Iście bajkowa sceneria
w której trzeba jednak ostrożnie stawiać kroki
Czyżby nawigacja padła?
Po kilku godzinnej wędrówce można znaleźć coś dla ochłody
W cieniu palmy można też odpocząć ale... koniec drogi już niedaleko
Być może za tymi skałami...
Jeszcze spojrzenie wstecz
Niemcy się nas trzymają ;)
Jeszcze minuty, nie znało się trasy ale się to czuło
I w takim składzie wędrowaliliśmy kilka godzin
rosyjsko-polsko-niemieckim
Pozdrawiam wszystkich jeśli kiedyś tutaj traficie :) Napiszcie!

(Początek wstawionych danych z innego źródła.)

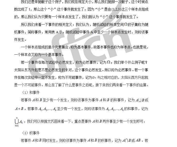 同学们,这节课我们来讲解一下每年的一个必考内容—概率,这是考试的一个重点也是一个大家掌握不是很好的一个知识点,所以大家在学习的时候要格外的注意。那么在了解概率之前呢,我们需要了解一个小的知识点,就是事件及其简单运算。我们同样是根据例子出发来进行学习。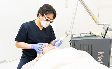 従来のQスイッチレーザーに加え、肌への負担がさらに少ない「ピコレーザー」を導入。色素沈着などのリスクを最小限に抑えます。

Ostatnie metry - wyjście z wąwozu. Są tacy co odpoczną na plaży i wracają ponownie do wioski Masca. My mieliśmy bilety na taksówkę wodną, która kursuje systematycznie w godzinach dziennych do Puerto de Santiago
a po kilku godzinach wyprawy ostatnie metry wąwozu wyglądają właśnie tak
Tutaj można kupić bilet na motorówkę do miasta, coś do jedzenia czy picia za cenę księżycową chyba i oczywiście skorzystać z szaleństwa kąpieli w oceanie w kryształowo czystej i całkiem zimniej wodzie
Plaża przy wyjściu z wąwozu jest obsadzona pożądnymi kamieniami więc jeśli ktoś pragnie skorzystać z lepszych standartów kilkadziesiąt metrów dalej jest mała piaszczysta. Oczywiście wszystko w całkowitej izolacji ponieważ dostać się tutaj można tylko szlakiem lub drogą wodną
Mała motorówka- ponton już podpływa po prawej
Miejsce to jest jak widać popularne do pływania jak widać po pełnym jachcie z turystami
Zatem...odpływamy
Ostatnie spojrzenie na nasz końcowy punkt wyprawy
Los Gigantes w całej okazałości
Puerto na widoku
Puerto de Santiago około 14 jeszcze sporo dnia przed nami... czyż życie nie jest piękne?